▶ _What to produce_: Set down every line of the data exactly, skipping the pictures.

▶ _Source data_:
|---|

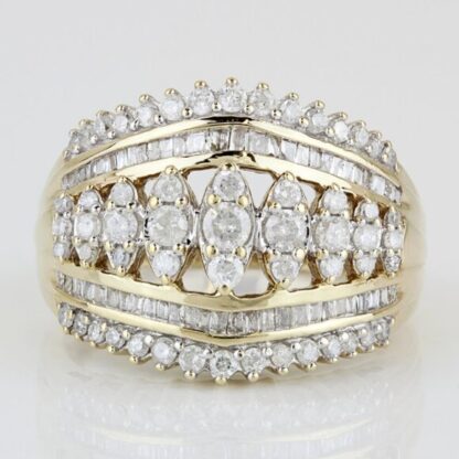 Elevate your jewelry collection with this stunning 10 Karat Yellow Gold ring, designed to dazzle. The centerpiece features a columned row of brilliant round diamonds, flanked by four elegant rows of both round and baguette-cut diamonds for a radiant, multidimensional sparkle.
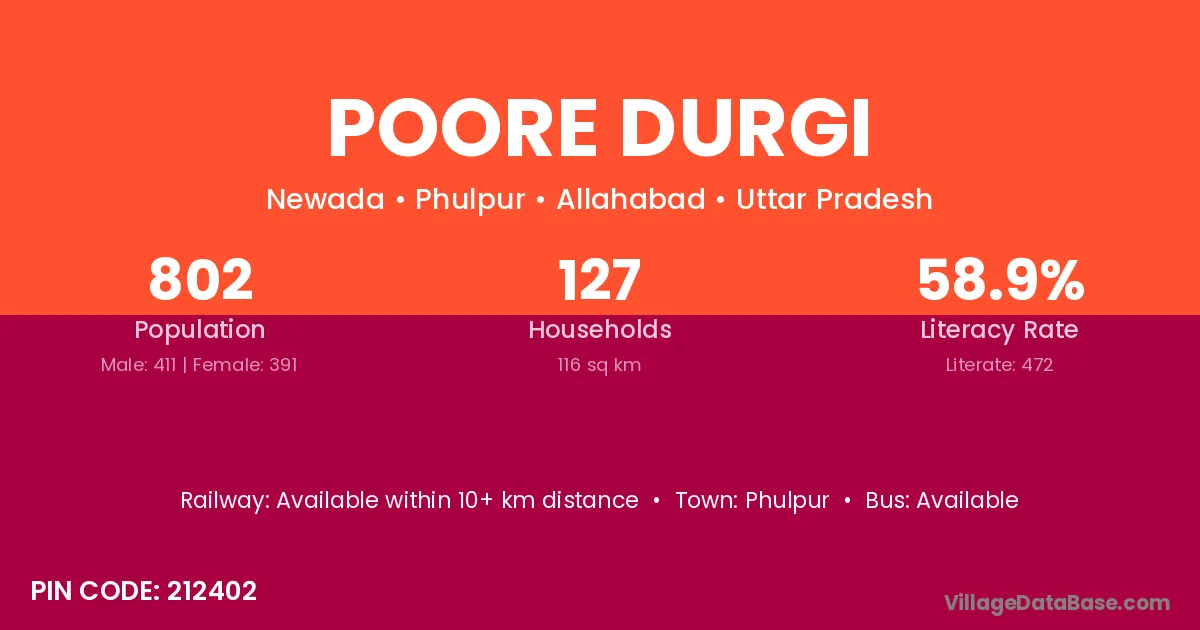 Phulpur is the nearest town to Poore Durgi village for major economic activities
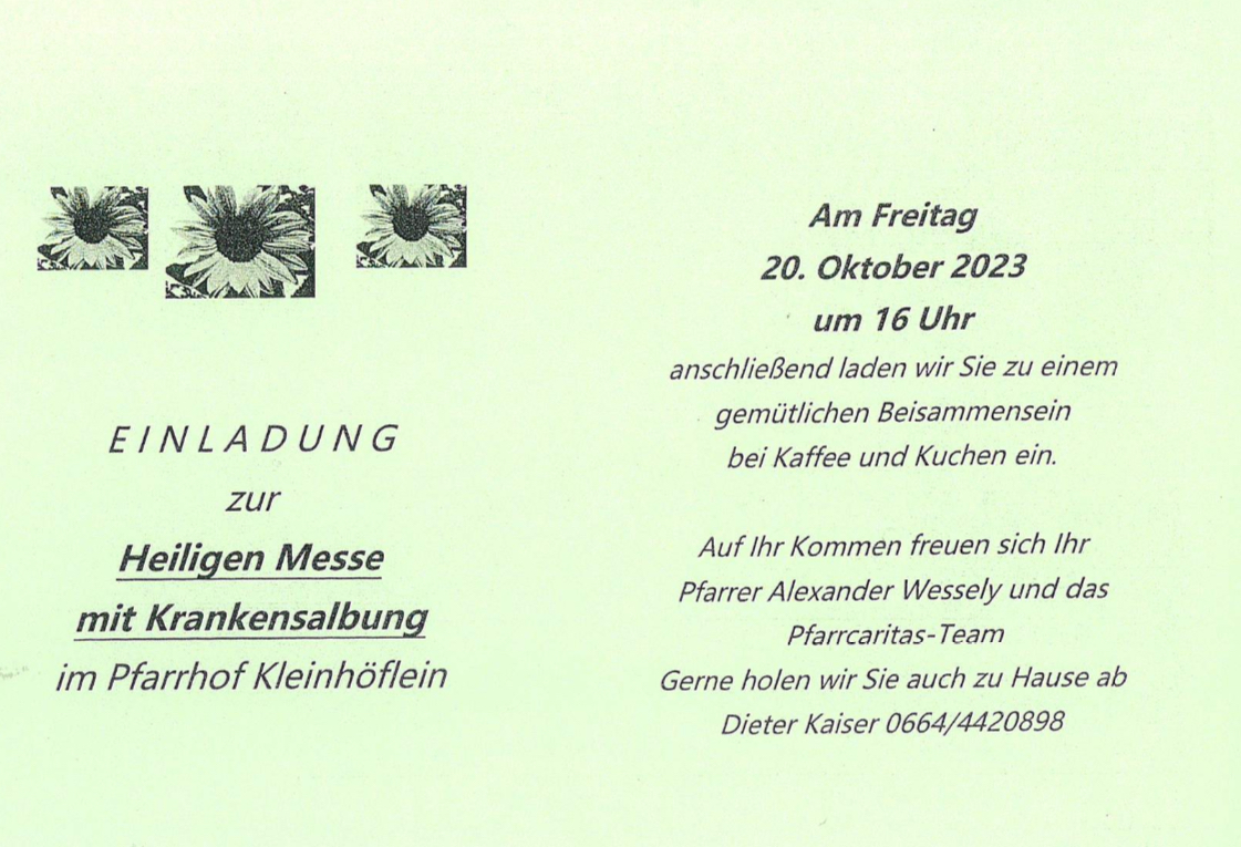 Einladung Heilige Messe mit Krankensalbung 20. Oktober 2023

|---|

▶ _Task answer_:
 Elevate your jewelry collection with this stunning 10 Karat Yellow Gold ring, designed to dazzle. The centerpiece features a columned row of brilliant round diamonds, flanked by four elegant rows of both round and baguette-cut diamonds for a radiant, multidimensional sparkle.
 Phulpur is the nearest town to Poore Durgi village for major economic activities
 Einladung Heilige Messe mit Krankensalbung 20. Oktober 2023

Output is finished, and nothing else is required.